Compose 이미지 로딩 라이브러리 성능 탐구: AsyncImage vs CoilImage - 2

벼리·2026년 2월 8일

compose

Android

목록 보기

4/4

들어가며

후속편 요청이 들어왔다.

두근두근 어떻게 업데이트 되었을까

그래서 이 글에서는 새로운 LandscapistImage가 어떻게 달라졌는지를 살펴보고자 합니다.

무엇이 바뀌었나: CoilImage → LandscapistImage

라이브러리 구조의 변화

Landscapist 2.9.3에서 가장 큰 변화는 이미지 로딩 엔진 자체가 교체되었다는 점입니다.

이전 (2.8.2):
  landscapist-coil3 → CoilImage
  내부적으로 Coil3의 ImageLoader.execute()를 사용

현재 (2.9.3):
  landscapist-image → LandscapistImage
  자체 이미지 로딩 엔진 (Ktor + 커스텀 디코더) 사용

항목	CoilImage (2.8.2)	LandscapistImage (2.9.3)
이미지 로딩	Coil3의 `ImageLoader` 위임	자체 `Landscapist` 엔진
네트워크	OkHttp (Coil3 경유)	Ktor
캐싱	Coil3의 메모리/디스크 캐시	자체 2-tier 캐시 (LRU + WeakRef + DiskLruCache)
디코딩	Coil3 디코더 파이프라인	자체 `ImageDecoder` (프로그레시브 지원)

단순한 래퍼에서 독립적인 이미지 로딩 라이브러리로 진화한 것입니다.

Constraints 획득 방식

이전 글에서 CoilImage가 BoxWithConstraints(내부적으로 SubcomposeLayout)를 사용으로 인해 이미지 로딩 성능에 부정적인 영향을 받았다고 했습니다.

이를 개선하여 변경된 LandscapistImage에서는 BoxWithConstraints 를 제거하고 Modifier.layout 을 이용해 Constraints를 획득하고 있습니다.
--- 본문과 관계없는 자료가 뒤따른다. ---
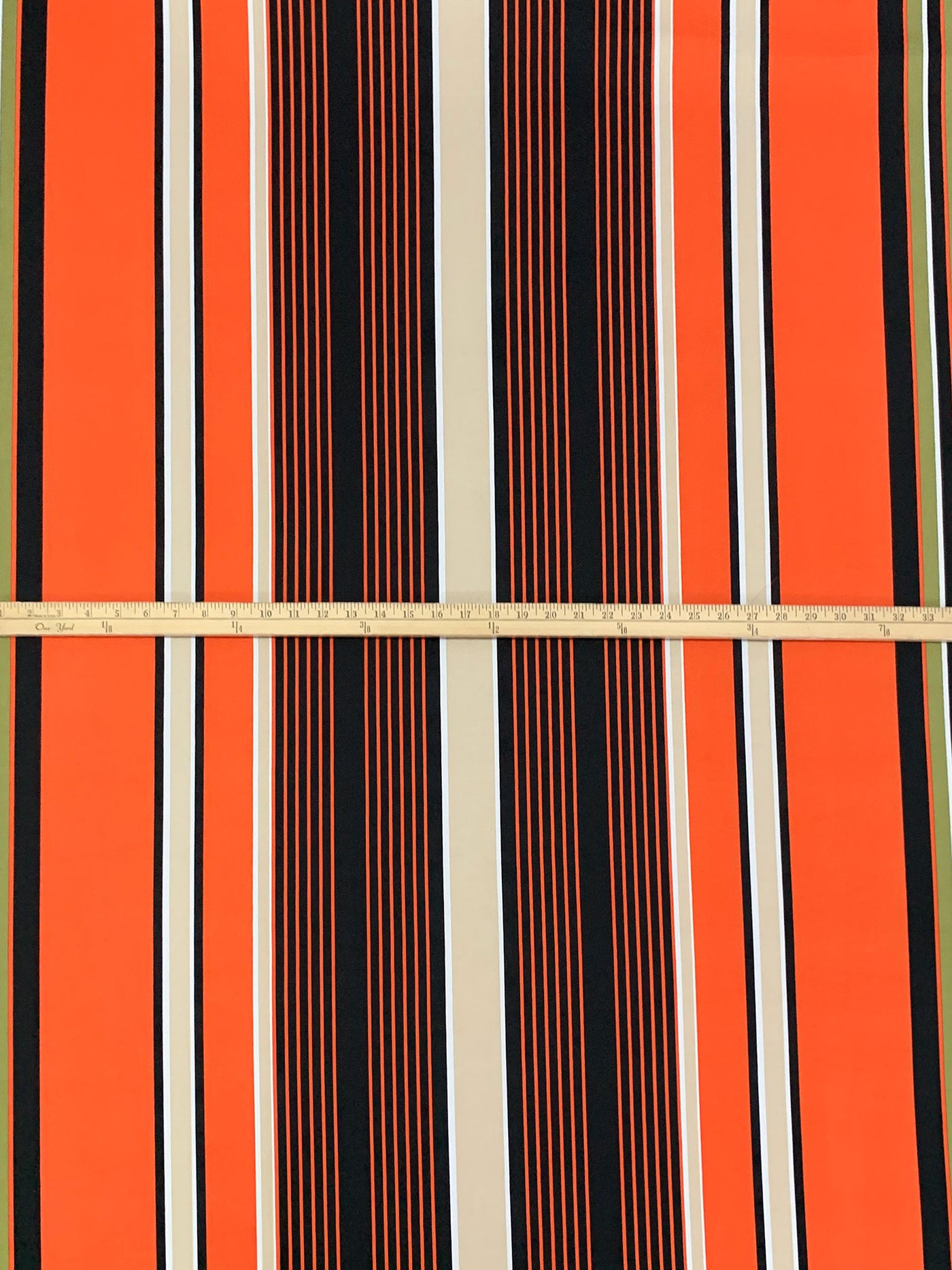 Moss Green/Pumpkin/Black Polyester/Lycra Large Vertical Stripe Print DTY Knit 61W

// CoilImage (2.8.2) - SubcomposeLayout 사용
BoxWithConstraints {
    val constraints = this.constraints
    // ...
}

// LandscapistImage (2.9.3) - Modifier.layout 사용
Box(
    modifier = modifier.layout { measurable, constraints ->
        if (incomingMaxWidth < 0) {
            incomingMaxWidth = if (constraints.hasBoundedWidth) constraints.maxWidth else 0
            incomingMaxHeight = if (constraints.hasBoundedHeight) constraints.maxHeight else 0
        }
        val placeable = measurable.measure(constraints)
        layout(placeable.width, placeable.height) { placeable.placeRelative(0, 0) }
    }
)

LandscapistImage는 Modifier.layout을 사용하여 Layout 단계에서 직접 Constraints를 획득합니다. 이로써 SubcomposeLayout의 추가 Composition 비용이 제거되었습니다.

이전 CoilImage:
  Composition → Layout → SubComposition → Layout → Draw

현재 LandscapistImage:
  Composition → Layout (constraints 획득) → Draw

이는 AsyncImage의 Modifier.Node 기반 접근과 유사한 수준의 개선입니다.

벤치마크 결과

그렇다면 이러한 변경사항들이 성능에 어떤 영향을 주었을까요? 벤치마크를 통해 수치로 살펴보도록 하겠습니다.

사전 설정: 메모리 캐시

저번 결과 분석에서는 라이브러리의 default 설정을 그대로 사용했지만, 이번에는 설정을 추가했습니다.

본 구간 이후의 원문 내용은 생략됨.